TASK ITEM -> Word for word, restate the listing; omit the pictures.

DATA BELOW ->
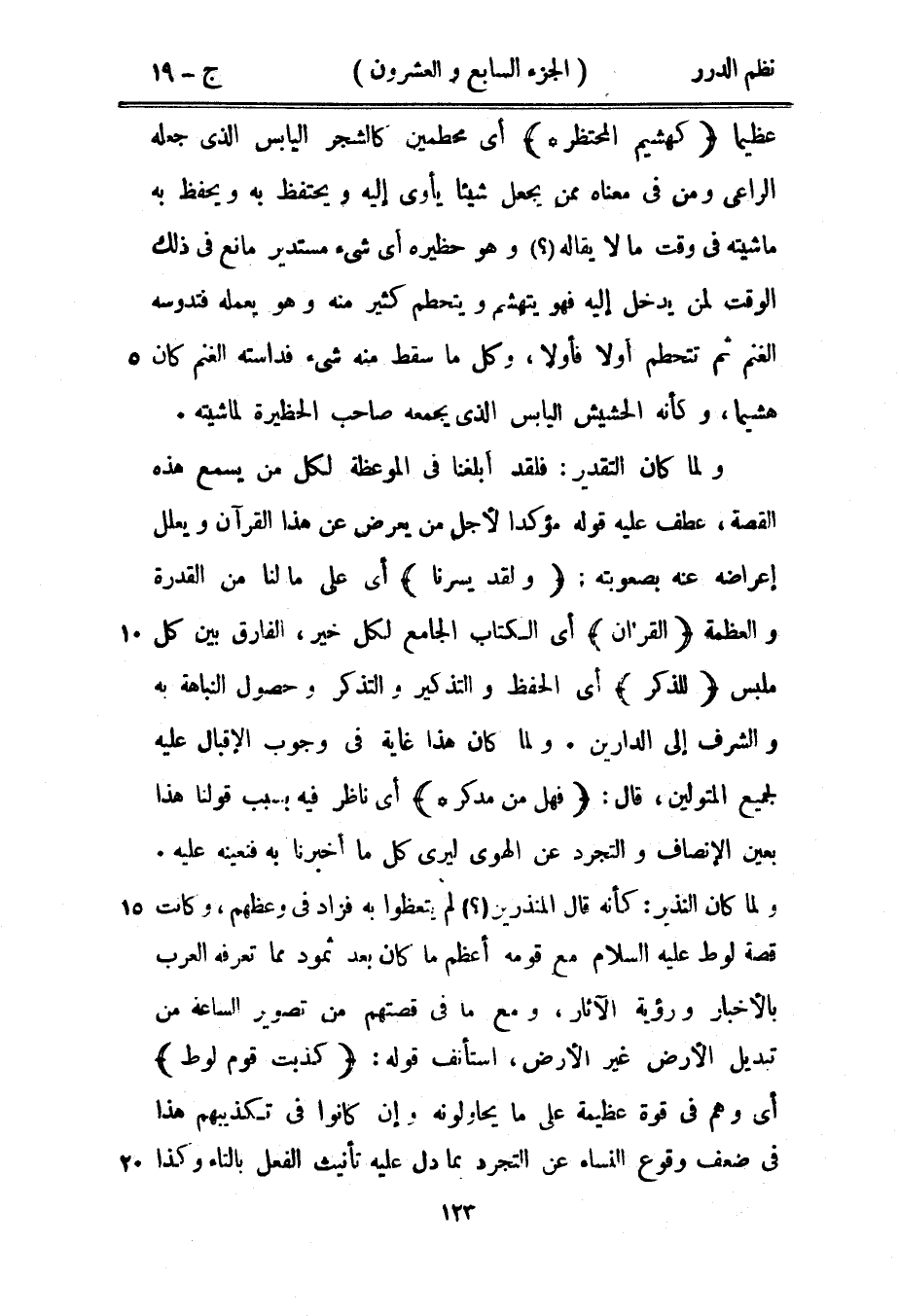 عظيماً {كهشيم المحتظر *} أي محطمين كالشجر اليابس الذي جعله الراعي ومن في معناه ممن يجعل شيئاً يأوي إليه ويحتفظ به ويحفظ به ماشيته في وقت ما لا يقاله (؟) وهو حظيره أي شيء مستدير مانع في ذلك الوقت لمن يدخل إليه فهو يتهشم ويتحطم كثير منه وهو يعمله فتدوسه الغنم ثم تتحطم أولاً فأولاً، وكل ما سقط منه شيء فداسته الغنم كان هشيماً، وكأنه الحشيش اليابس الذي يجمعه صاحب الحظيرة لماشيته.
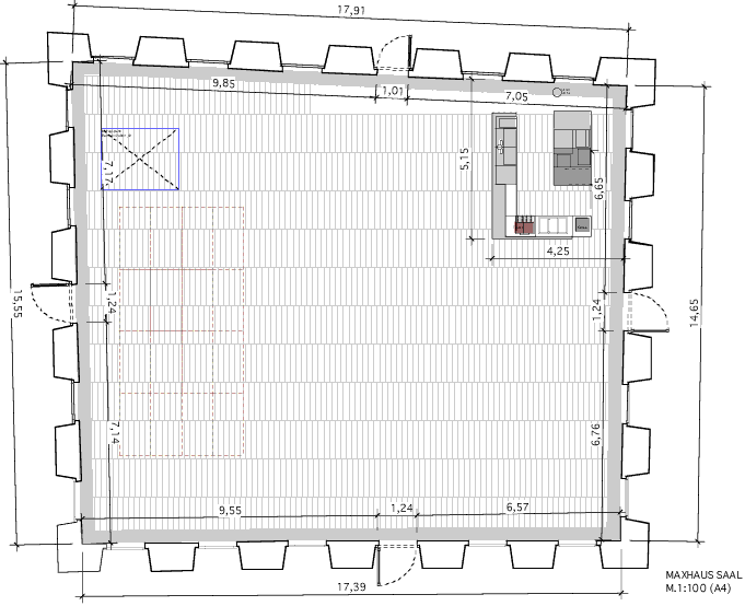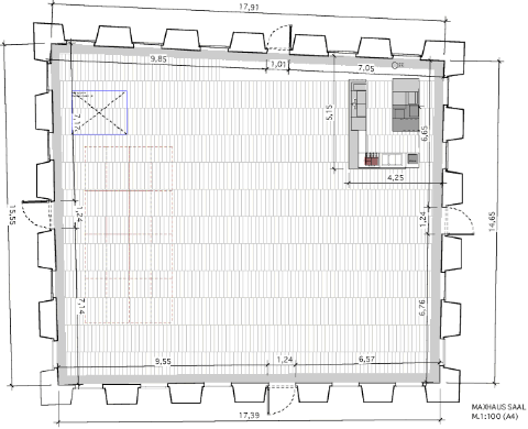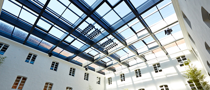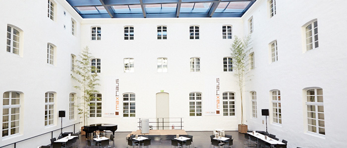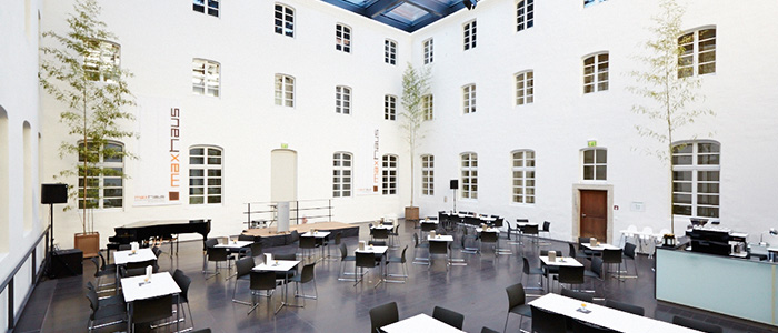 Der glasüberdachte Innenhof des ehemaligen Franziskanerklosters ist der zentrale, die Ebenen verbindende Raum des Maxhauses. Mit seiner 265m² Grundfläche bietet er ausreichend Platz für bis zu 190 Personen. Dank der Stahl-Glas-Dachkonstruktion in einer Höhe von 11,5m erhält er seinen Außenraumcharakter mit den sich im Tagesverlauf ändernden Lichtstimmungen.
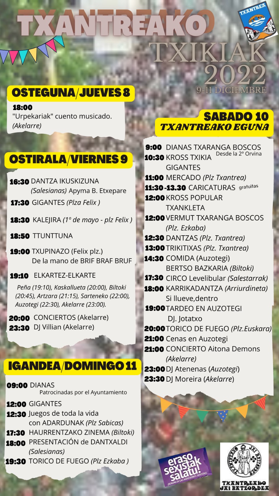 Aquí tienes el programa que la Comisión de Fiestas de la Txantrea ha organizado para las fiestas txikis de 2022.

WRITTEN RESPONSE ->
 عظيماً {كهشيم المحتظر *} أي محطمين كالشجر اليابس الذي جعله الراعي ومن في معناه ممن يجعل شيئاً يأوي إليه ويحتفظ به ويحفظ به ماشيته في وقت ما لا يقاله (؟) وهو حظيره أي شيء مستدير مانع في ذلك الوقت لمن يدخل إليه فهو يتهشم ويتحطم كثير منه وهو يعمله فتدوسه الغنم ثم تتحطم أولاً فأولاً، وكل ما سقط منه شيء فداسته الغنم كان هشيماً، وكأنه الحشيش اليابس الذي يجمعه صاحب الحظيرة لماشيته.
 Der glasüberdachte Innenhof des ehemaligen Franziskanerklosters ist der zentrale, die Ebenen verbindende Raum des Maxhauses. Mit seiner 265m² Grundfläche bietet er ausreichend Platz für bis zu 190 Personen. Dank der Stahl-Glas-Dachkonstruktion in einer Höhe von 11,5m erhält er seinen Außenraumcharakter mit den sich im Tagesverlauf ändernden Lichtstimmungen.
 Aquí tienes el programa que la Comisión de Fiestas de la Txantrea ha organizado para las fiestas txikis de 2022.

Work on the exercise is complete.